▸ **To do**
An exact copy of the listing below is needed, with no pictures in it.

▸ **Dataset section**
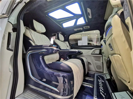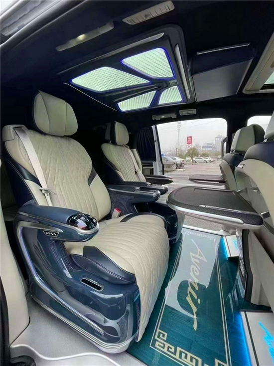 1。左电动中门。2。右电动中门 3。 电动尾门 4。 航空座椅 5。柚木地板 6。扶手冰箱 7。全车隔音 8。全车音响系统升级 10。九宫格顶灯 11。车顶氛围灯 12。带灯门槛条 13。吸顶电视 14。多功能小桌板 15。 360全景 16。反光镜折叠 17。盲点辅助 。高配中网 19。隐私窗帘 20。高配桃木内饰 21。雅典娜包围 22。主驾驶电动座椅23。副驾驶电动座椅 24。主驾驶通25。副驾驶通风 26。主驾驶加热 27。副驾驶加热28。 桃木方向盘 29。发光车标 30。主副驾驶包覆 31。顶棚翻毛皮+满天星 32。后排沙发床33。整车专用升级线束34。流媒体35。柚木脚踏
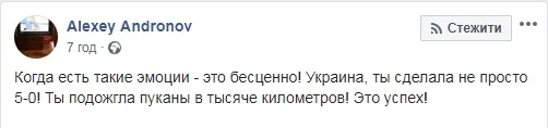 "Коли є такі емоції – це безцінно! Україно, ти зробила не просто 5:0! Ти підпалила пукани в тисячі кілометрів! Це успіх!", – написав Андронов на своїй сторінці у Фейсбук.
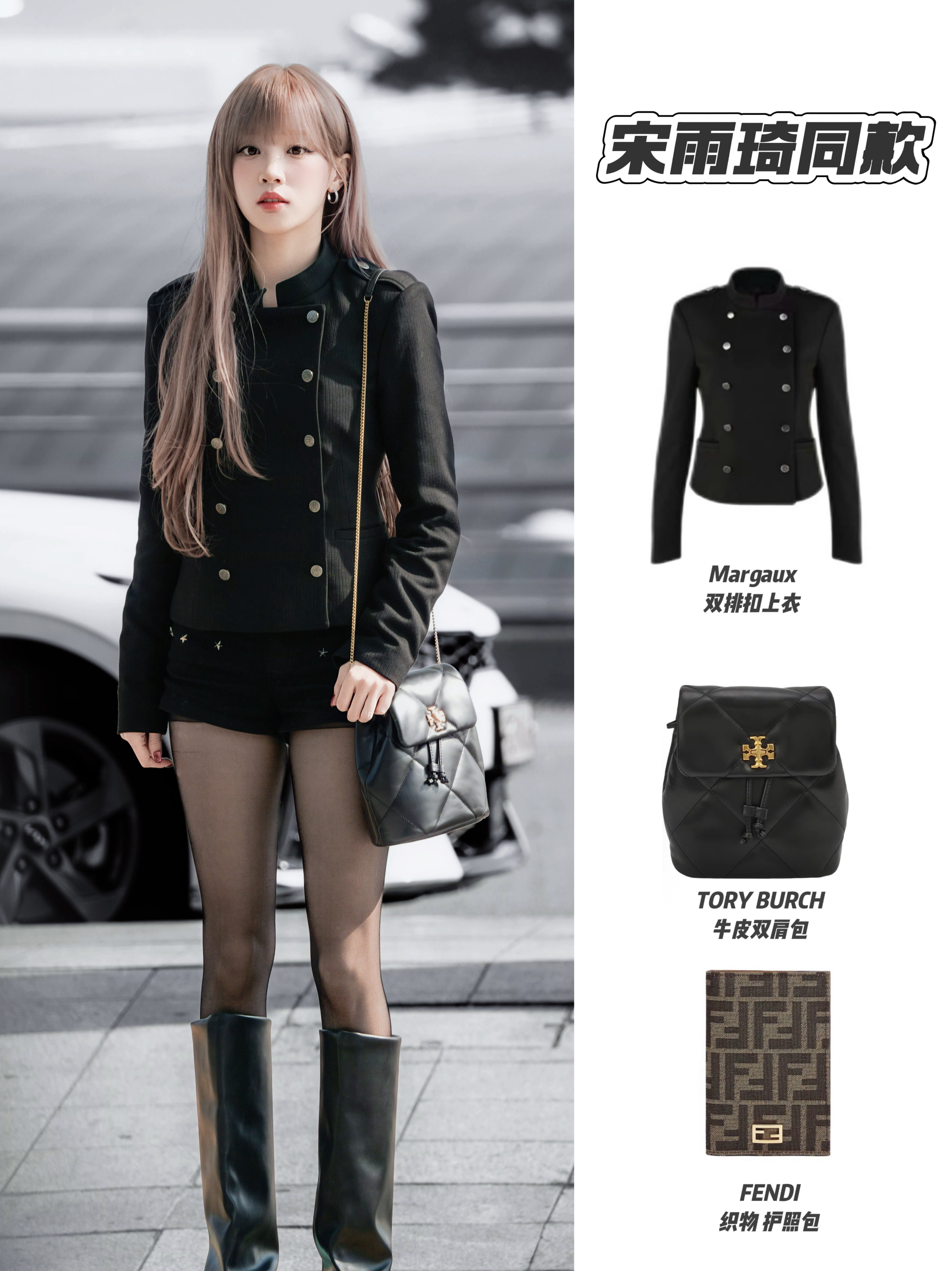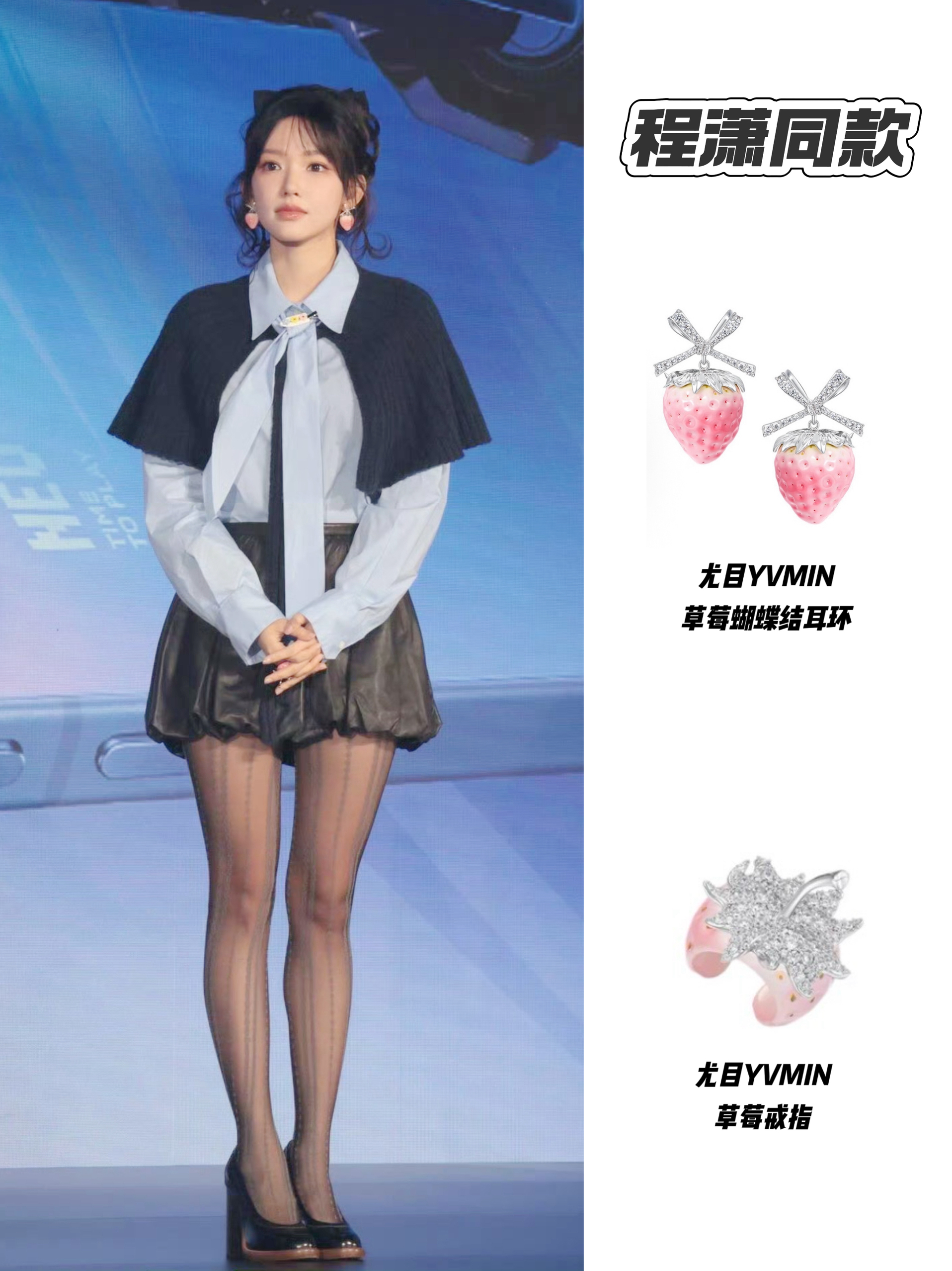 程潇这套穿搭甜酷感平衡得很好,配饰更是直戳少女心💗浅蓝衬衫配黑色小斗篷,学院风里掺了精致;皮短裤与黑丝、粗跟鞋增添飒气,又通过尤目草莓耳环、戒指这类甜美元素中和,整体保留少女的娇俏,细节处满是巧思~

▸ **Reply to the task**
 1。左电动中门。2。右电动中门 3。 电动尾门 4。 航空座椅 5。柚木地板 6。扶手冰箱 7。全车隔音 8。全车音响系统升级 10。九宫格顶灯 11。车顶氛围灯 12。带灯门槛条 13。吸顶电视 14。多功能小桌板 15。 360全景 16。反光镜折叠 17。盲点辅助 。高配中网 19。隐私窗帘 20。高配桃木内饰 21。雅典娜包围 22。主驾驶电动座椅23。副驾驶电动座椅 24。主驾驶通25。副驾驶通风 26。主驾驶加热 27。副驾驶加热28。 桃木方向盘 29。发光车标 30。主副驾驶包覆 31。顶棚翻毛皮+满天星 32。后排沙发床33。整车专用升级线束34。流媒体35。柚木脚踏
 "Коли є такі емоції – це безцінно! Україно, ти зробила не просто 5:0! Ти підпалила пукани в тисячі кілометрів! Це успіх!", – написав Андронов на своїй сторінці у Фейсбук.
 程潇这套穿搭甜酷感平衡得很好,配饰更是直戳少女心💗浅蓝衬衫配黑色小斗篷,学院风里掺了精致;皮短裤与黑丝、粗跟鞋增添飒气,又通过尤目草莓耳环、戒指这类甜美元素中和,整体保留少女的娇俏,细节处满是巧思~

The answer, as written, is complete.